>>>>>

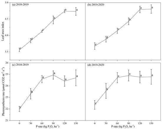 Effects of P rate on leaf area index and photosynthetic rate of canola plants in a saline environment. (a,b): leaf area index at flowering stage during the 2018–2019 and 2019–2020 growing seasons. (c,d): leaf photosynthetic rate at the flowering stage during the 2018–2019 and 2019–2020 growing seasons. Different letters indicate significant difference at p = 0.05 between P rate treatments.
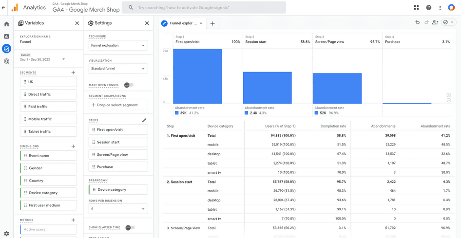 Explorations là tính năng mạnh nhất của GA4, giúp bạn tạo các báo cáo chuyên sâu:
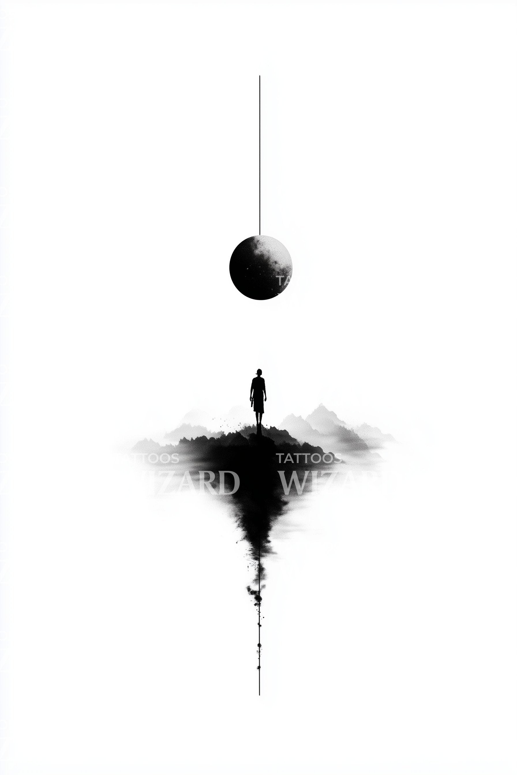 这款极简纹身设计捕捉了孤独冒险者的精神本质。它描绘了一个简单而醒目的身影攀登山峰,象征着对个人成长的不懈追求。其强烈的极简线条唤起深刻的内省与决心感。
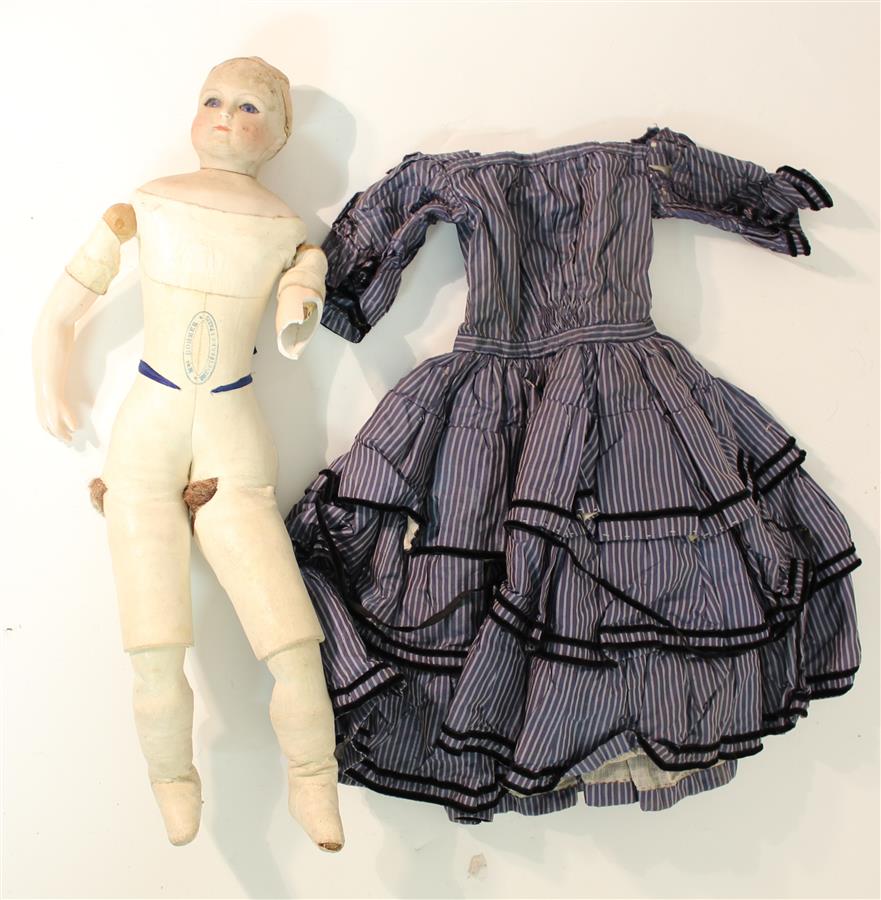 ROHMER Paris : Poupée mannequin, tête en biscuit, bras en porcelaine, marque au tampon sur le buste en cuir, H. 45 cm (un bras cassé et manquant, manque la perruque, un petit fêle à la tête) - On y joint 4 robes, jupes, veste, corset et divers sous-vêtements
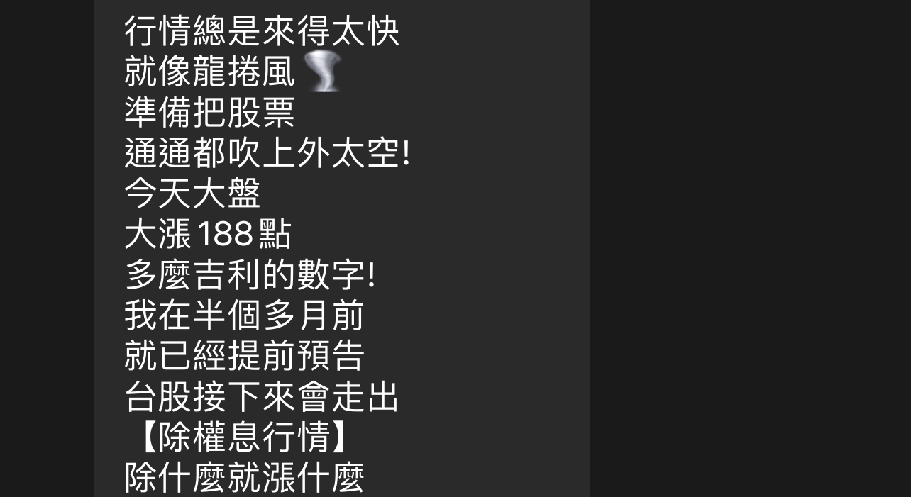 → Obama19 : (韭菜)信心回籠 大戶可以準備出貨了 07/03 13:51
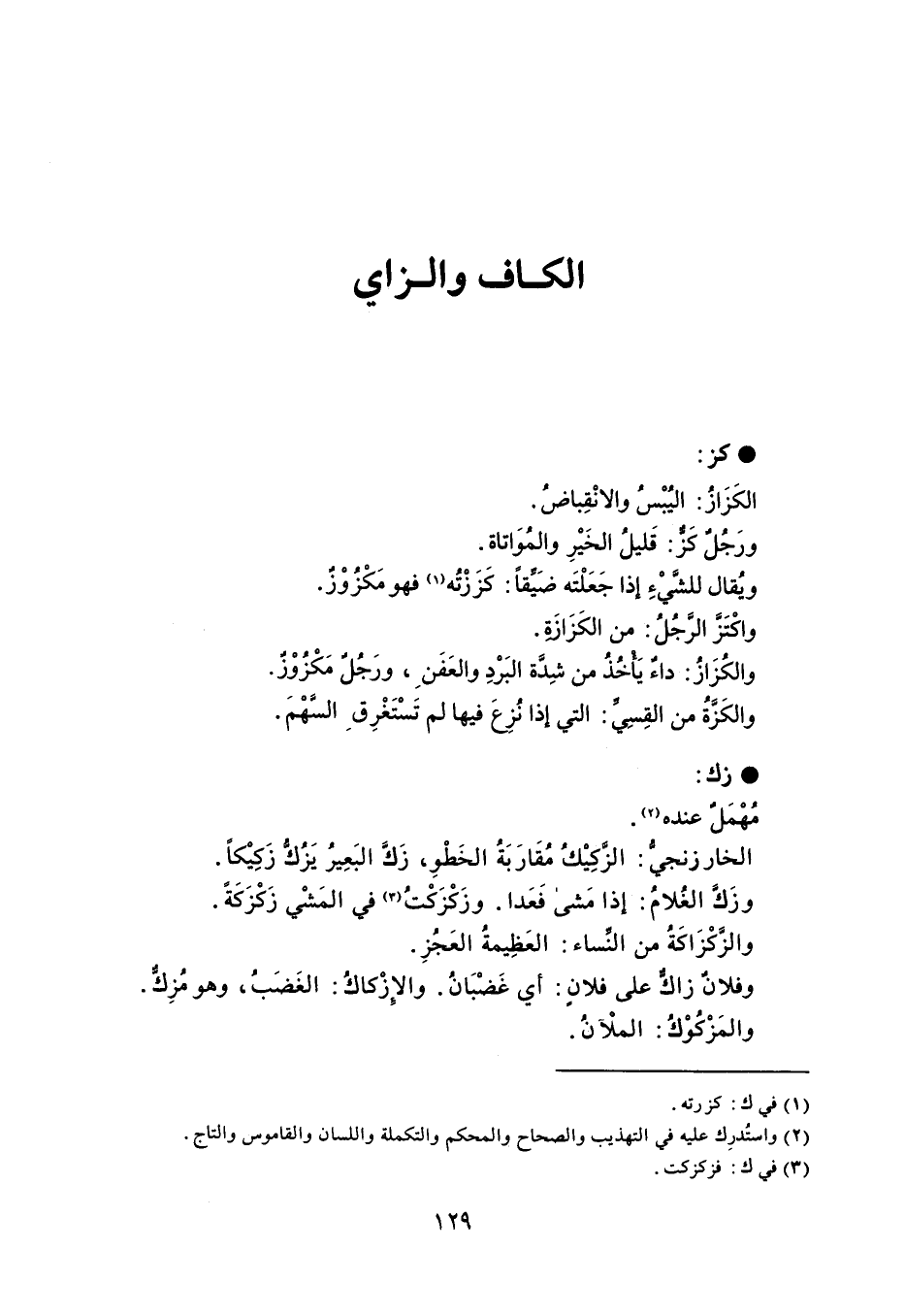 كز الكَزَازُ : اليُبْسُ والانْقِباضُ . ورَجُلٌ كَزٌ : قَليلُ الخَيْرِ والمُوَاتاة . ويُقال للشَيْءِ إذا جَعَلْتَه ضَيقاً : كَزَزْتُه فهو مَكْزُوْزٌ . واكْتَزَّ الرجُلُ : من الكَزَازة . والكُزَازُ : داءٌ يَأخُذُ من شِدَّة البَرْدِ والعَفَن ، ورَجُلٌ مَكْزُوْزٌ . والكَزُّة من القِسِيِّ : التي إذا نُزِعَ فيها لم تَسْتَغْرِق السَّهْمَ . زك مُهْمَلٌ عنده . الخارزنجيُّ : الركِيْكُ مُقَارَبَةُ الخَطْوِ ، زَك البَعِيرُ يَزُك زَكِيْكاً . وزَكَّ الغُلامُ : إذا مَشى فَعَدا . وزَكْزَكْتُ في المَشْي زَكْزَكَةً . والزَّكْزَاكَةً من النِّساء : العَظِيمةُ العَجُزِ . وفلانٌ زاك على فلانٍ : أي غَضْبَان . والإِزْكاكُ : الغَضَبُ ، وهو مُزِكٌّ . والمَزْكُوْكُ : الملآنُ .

<<<<<

● **Required work**
Pictures aside, repeat exactly every line from the top of the listing above through the line bearing "大戶可以準備出貨了 07/03 13:51", inclusive.

● **Result for this task**
 Effects of P rate on leaf area index and photosynthetic rate of canola plants in a saline environment. (a,b): leaf area index at flowering stage during the 2018–2019 and 2019–2020 growing seasons. (c,d): leaf photosynthetic rate at the flowering stage during the 2018–2019 and 2019–2020 growing seasons. Different letters indicate significant difference at p = 0.05 between P rate treatments.
 Explorations là tính năng mạnh nhất của GA4, giúp bạn tạo các báo cáo chuyên sâu:
 这款极简纹身设计捕捉了孤独冒险者的精神本质。它描绘了一个简单而醒目的身影攀登山峰,象征着对个人成长的不懈追求。其强烈的极简线条唤起深刻的内省与决心感。
 ROHMER Paris : Poupée mannequin, tête en biscuit, bras en porcelaine, marque au tampon sur le buste en cuir, H. 45 cm (un bras cassé et manquant, manque la perruque, un petit fêle à la tête) - On y joint 4 robes, jupes, veste, corset et divers sous-vêtements
 → Obama19 : (韭菜)信心回籠 大戶可以準備出貨了 07/03 13:51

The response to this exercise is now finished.